======== Exercise data ========

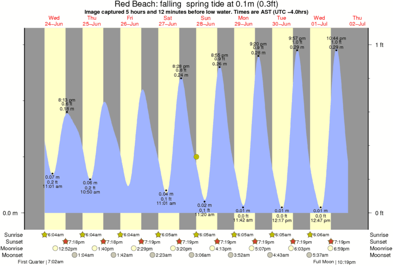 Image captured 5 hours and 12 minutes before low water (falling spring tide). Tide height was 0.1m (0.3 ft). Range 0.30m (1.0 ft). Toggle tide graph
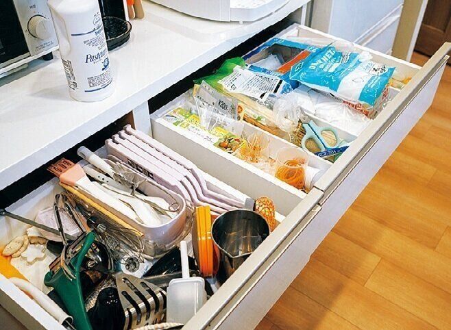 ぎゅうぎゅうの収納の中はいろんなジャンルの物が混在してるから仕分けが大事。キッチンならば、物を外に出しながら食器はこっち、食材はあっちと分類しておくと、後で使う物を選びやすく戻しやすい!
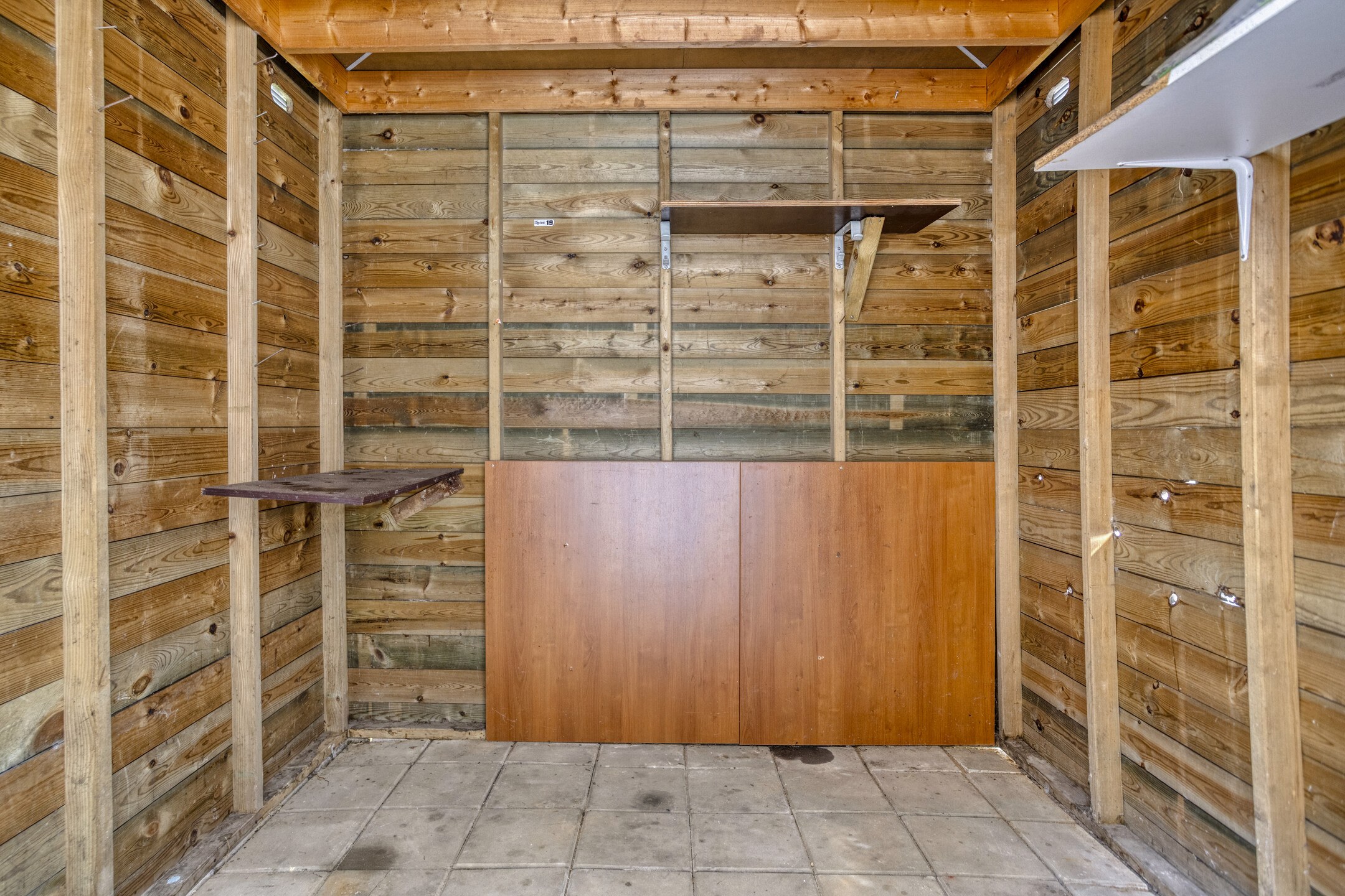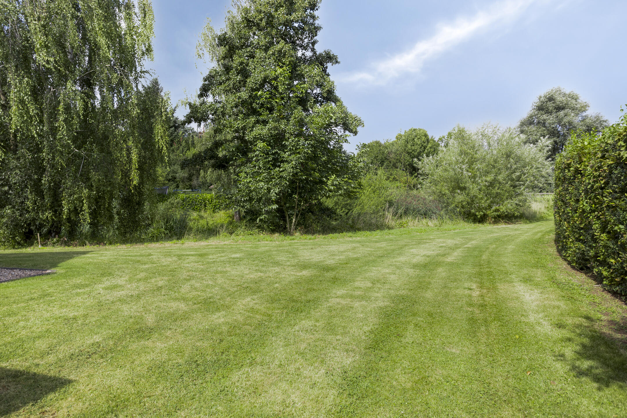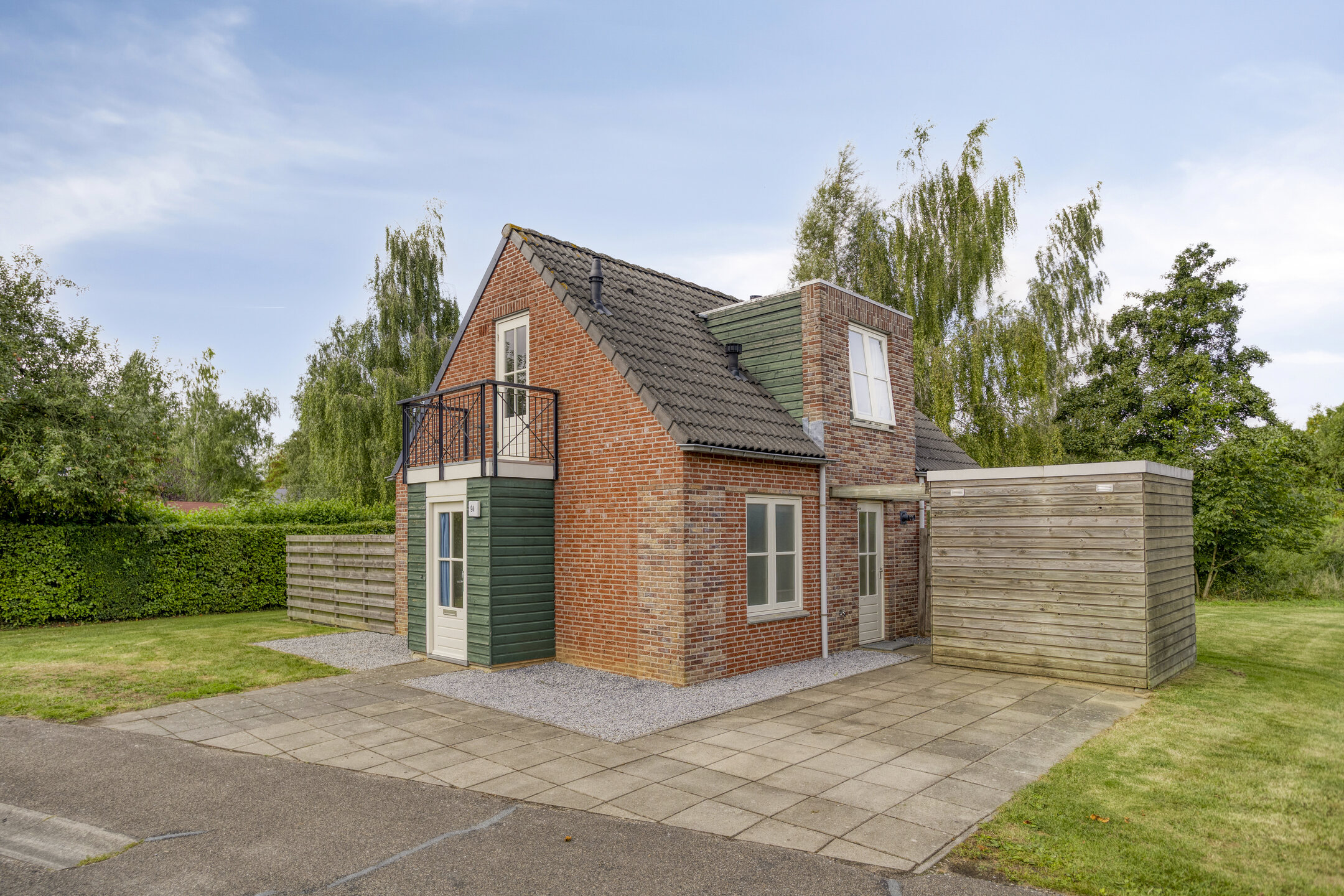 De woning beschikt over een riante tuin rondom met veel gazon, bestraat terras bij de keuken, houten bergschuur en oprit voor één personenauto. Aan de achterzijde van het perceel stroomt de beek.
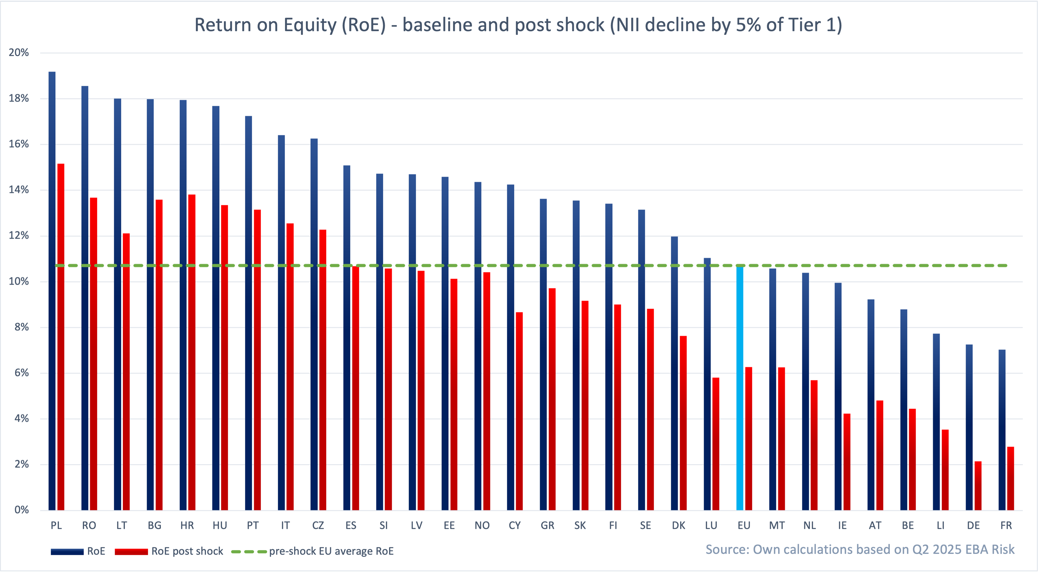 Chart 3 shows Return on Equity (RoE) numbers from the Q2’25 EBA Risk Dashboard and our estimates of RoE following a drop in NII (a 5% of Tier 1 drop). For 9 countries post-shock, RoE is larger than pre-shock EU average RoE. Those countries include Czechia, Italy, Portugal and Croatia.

========
======== Exercise data ========

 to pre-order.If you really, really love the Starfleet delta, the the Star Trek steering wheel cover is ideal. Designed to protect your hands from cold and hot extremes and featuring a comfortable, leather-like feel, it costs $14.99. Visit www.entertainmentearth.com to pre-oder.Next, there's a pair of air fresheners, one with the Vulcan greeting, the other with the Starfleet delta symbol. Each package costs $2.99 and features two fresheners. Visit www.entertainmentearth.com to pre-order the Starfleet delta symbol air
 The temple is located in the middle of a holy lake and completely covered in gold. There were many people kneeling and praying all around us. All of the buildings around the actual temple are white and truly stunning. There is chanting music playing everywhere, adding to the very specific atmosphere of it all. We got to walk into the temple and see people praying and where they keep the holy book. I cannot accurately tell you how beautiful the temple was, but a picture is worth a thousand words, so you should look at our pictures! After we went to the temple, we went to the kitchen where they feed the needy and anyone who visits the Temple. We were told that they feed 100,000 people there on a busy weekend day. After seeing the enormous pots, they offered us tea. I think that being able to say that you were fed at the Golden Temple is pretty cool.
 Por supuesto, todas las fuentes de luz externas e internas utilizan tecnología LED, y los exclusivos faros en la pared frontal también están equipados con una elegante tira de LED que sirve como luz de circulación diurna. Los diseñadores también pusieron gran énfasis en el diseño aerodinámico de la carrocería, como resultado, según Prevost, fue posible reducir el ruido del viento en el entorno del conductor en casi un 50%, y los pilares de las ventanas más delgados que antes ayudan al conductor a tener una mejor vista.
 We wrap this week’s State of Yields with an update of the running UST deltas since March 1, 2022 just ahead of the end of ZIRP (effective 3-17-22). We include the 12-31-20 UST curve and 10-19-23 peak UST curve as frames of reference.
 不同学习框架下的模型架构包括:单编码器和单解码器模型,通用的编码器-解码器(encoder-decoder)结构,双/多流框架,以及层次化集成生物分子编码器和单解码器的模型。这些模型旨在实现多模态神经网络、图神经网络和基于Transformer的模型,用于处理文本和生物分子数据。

========

Task requirements:
Please copy out each line of the listing above that contains the string "with".

Solution to the exercise:
 to pre-order.If you really, really love the Starfleet delta, the the Star Trek steering wheel cover is ideal. Designed to protect your hands from cold and hot extremes and featuring a comfortable, leather-like feel, it costs $14.99. Visit www.entertainmentearth.com to pre-oder.Next, there's a pair of air fresheners, one with the Vulcan greeting, the other with the Starfleet delta symbol. Each package costs $2.99 and features two fresheners. Visit www.entertainmentearth.com to pre-order the Starfleet delta symbol air
 We wrap this week’s State of Yields with an update of the running UST deltas since March 1, 2022 just ahead of the end of ZIRP (effective 3-17-22). We include the 12-31-20 UST curve and 10-19-23 peak UST curve as frames of reference.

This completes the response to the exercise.